Hi - i don't think the indexing stage is reached at all, judging from the 
MapOutputFormat. We sometimes see this happening during the shuffle stage, some 
mapred limits need to be adjusted to overcome this, but don't remember which. 
But you can always decrease the size of a job and just run more jobs, it is 
probably much more efficient in overall throughput because the shuffle stage is 
always expensive.

Markus

 
 
-----Original message-----
> From:Talat Uyarer <ta...@uyarer.com>
> Sent: Monday 29th September 2014 6:57
> To: user@nutch.apache.org
> Subject: Re: Solr Indexer Reduce Tasks &quot;fail to report status&quot;
> 
> Hi Jonathan,
> 
> Sorry for late response.
> 
> i guess your commit size to high for your solr server. Maybe you have big
> size webpage.
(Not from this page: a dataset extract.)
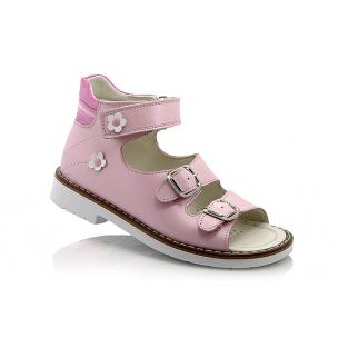Босоножки ортопедические светло-розового цвета. Снизу регулируются двумя застежками, сверху липучкой. Снаружи и внутри кожаные. Высокая твердая пятка, супинатор и ортопедический каблук Томаса.

Because of big size page your commits take long time. Can you
> try decrease your commit size and can you check http content limit ?
> 
> Talat
> On Sep 26, 2014 4:37 PM, "Jonathan Cooper-Ellis" <j...@ziftr.com> wrote:
> 
> > Hi Talat,
> >
> > Thanks for the reply. I looked in the solr logs as well and nothing jumped
> > out at me. I didn't notice anything interesting in the JobTracker logs
> > either. The logs I included in the original message are the logs from the
> > TaskTracker when it fails, unless you're talking about a different task log
> > that I don't know about.
> >
> > Do you have any other ideas?
> >
> > Thanks,
> > jce
> >
> > On Fri, Sep 26, 2014 at 12:41 AM, Talat Uyarer <ta...@uyarer.com> wrote:
> >
> > > Hi Jonathan,
> > >
> > > Did you check your solr log file ? Something may go wrong on Solr side.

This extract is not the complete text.